Savannah
Linear Abstraction at the SCAD Museum of Art
Abstraction is dead! Long live abstraction! In Linear Abstraction, the SCAD Museum of Art negotiates the status of nonrepresentational work as it exists in the 21st century and includes work in various media, including painting, sculpture, photography, and digital formats. While the exhibition seeks to trace commonalities between contemporary practices by engaging somewhat diverse uses or ideas of lines, the resulting effect points succinctly to the broader condition of 21st-century abstraction.

Phillip Stearns. Linear Abstraction, 2015; installation view, Gutstein Gallery, Savannah College of Art and Design, Savannah, Georgia. Courtesy of the Savannah College of Art and Design. Photo: Marc Newton.

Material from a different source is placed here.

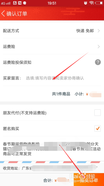 确认收货地址,没有收货地址就直接填上,需要备注的也可以写下来,比如要卖家发什么快递,这需要先跟卖家沟通好,确认卖家都有发哪些快递,确定无误后再点击“提交订单”。

As its title so aptly demonstrates, the show uses the concept of the line—or more specifically, the hard-edged line—as a starting point in exploring how contemporary artists approach abstraction. Obviously, lines are omnipresent in art—in fact, it would be hard to preclude artists from being in the show if the engagement of lines were the only criteria. Visitors to this exhibition may also remember the Museum of Modern Art’s On Line, presented in late 2010 in New York. This exhibition attempted to explore the use of the line throughout modern art; in the end, predictably, artworks filled every wall of every gallery, showing the ubiquity of this most fundamental of formal devices.

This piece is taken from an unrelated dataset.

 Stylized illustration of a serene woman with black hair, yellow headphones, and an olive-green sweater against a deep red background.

Avoiding a survey-like mentality, Linear Abstraction uses the line as a lens in which to view specific works, and in turn the curators have created a show that comments not so much on the deliberate use of line, but instead on trends within contemporary abstraction. By using the word linear in the title, viewers are forced to reconcile each work with the idea of the line. Thus the curators have created an environment in which the works are meant to be read in a specific way.